METHODS We used data from a case-control study nested within the French cohort E3N including 453 cases and 453 matched controls. Measures of mammographic density, history of MHT use during follow-up and information on potential confounders were available for all women. The association of mammographic density with MHT was evaluated by linear regression models. Mediation modelling techniques were applied to estimate under the hypothesis of a causal model the proportion of the effect of MHT on BC risk mediated by percent mammographic density for BC overall and by hormonal receptor status.

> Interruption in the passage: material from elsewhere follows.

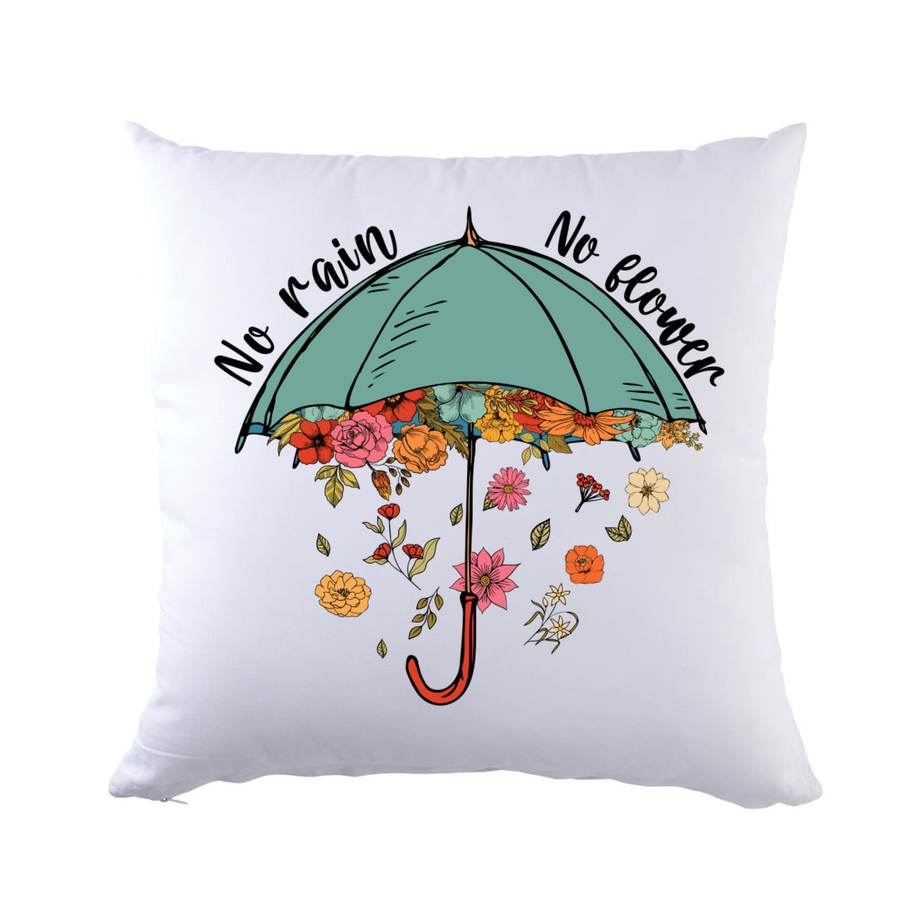 "ZarahSkull"- cushion cover white "no rain, no flower"
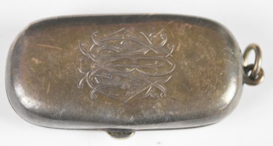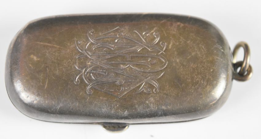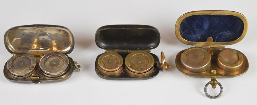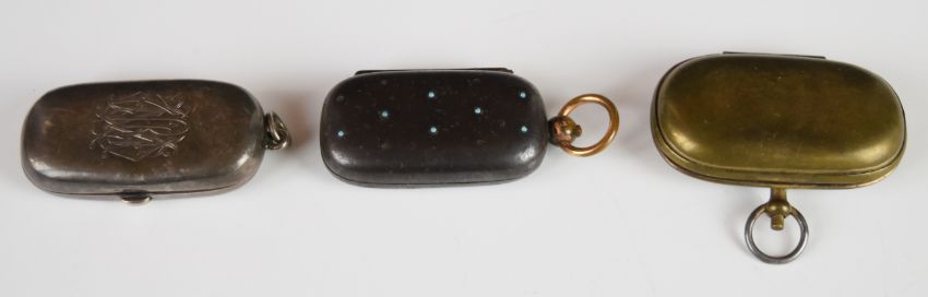 Three sovereign cases, one an Edward VII hallmarked silver double case, Chester 1905, maker William Neale & Sons, length 6cm, weight 30g, the others to suit half and full sovereigns, one with blue cabuchon spot decoration

RESULTS Among MHT users, only 4.2% used exclusively estrogens compared with 68.3% who used exclusively estrogens plus progestogens. Mammographic density was higher in current users (mean percent mammographic density for a 60 year old woman 33%; 95% CI: 31% to 35%) than in past (29%; 27% to 31%) and never users (24%; 22% to 26%). Mammographic density increased with the duration of MHT within one year of therapy and reached a steady state thereafter. After MHT discontinuation, mammographic density decreased with time since last use and reached values similar to those of never users after 8 years. The OR of BC for current versus never MHT users, adjusted for age, year of birth, menopausal status at baseline and BMI, was 1.67 (95% CI, 1.04 to 2.68). The proportion of effect mediated by percent mammographic density was 34% for any BC and became 48% when the correlation between BMI and percent mammographic density was accounted for. These effects were limited to hormone receptor positive BC.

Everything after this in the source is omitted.